While loneliness 1 is innate and loneliness 2 is physical and emotional, neither are tangible in that we cannot see or touch them. Plus, they can't be so easily defined since, as I stated with loneliness 2, each of us requires varied levels of satisfaction. For some, they are elusive, as people either never seek to resolve loneliness1, such as in the instance of an atheist. Or, they never find romance and develop friendships to satisfy loneliness 2, such as in the instance of a virgin who never marries or perhaps an only child who never made many friends. For all of us, 1 and 2 are indescribable in that it is impossible for one person to know how another person feels since we don't share minds and bodies. Hence, intangible loneliness 1 and intangible loneliness 2.

Did I come close to answering your first question?


----------



## steve71 (Feb 5, 2010)

For all of us, 1 and 2 are indescribable in that it is impossible for one person to know how another person feels since we don't share minds and bodies.
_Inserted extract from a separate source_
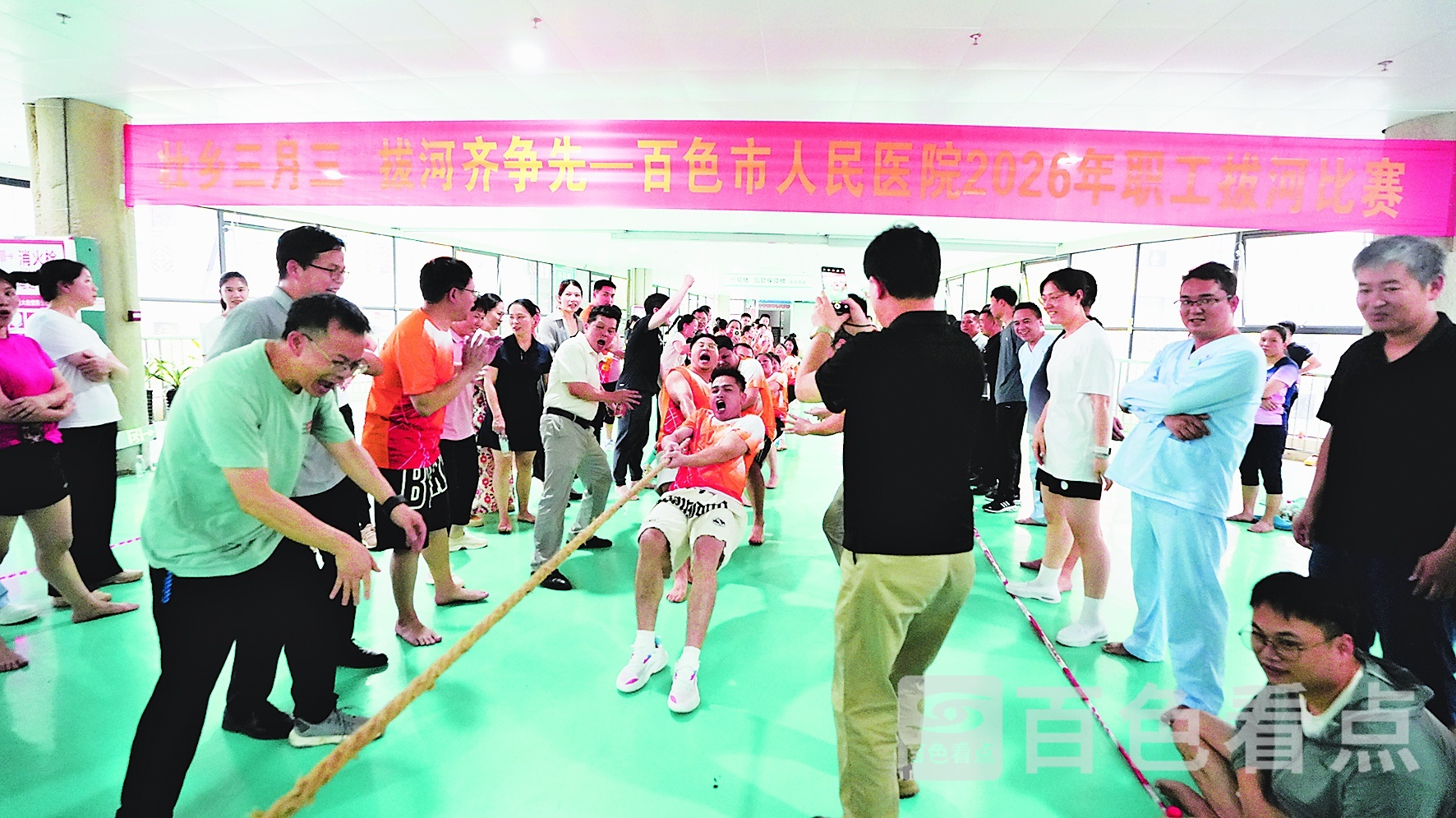 本报百色讯 为欢庆广西三月三传统节日,丰富职工文化生活,增强团队凝聚力,近日,百色市人民医院在该院连廊二楼举办职工拔河比赛。该院50支来自各临床、医技、行政后勤科室的职工代表队同台比赛,在一根长绳间比拼团结力量,展现新时代医务工作者昂扬向上的精神风貌。

Hence, intangible loneliness 1 and intangible loneliness 2.

Did I come close to answering your first question?[/QUOTE]



that's why the Arts were invented


----------



## Blanca (Jul 25, 2008)

Justice44 said:


> What is this intangible loneliness that romance and religion resolves?


im a little confused by this question. are you just asking what loneliness is? or are you asking how romance and religion resolves the loneliness?



Justice44 said:


> The second cherished axiom of romance and religion is that it makes you “complete.” What does being “complete” mean?


never really understood this either.


----------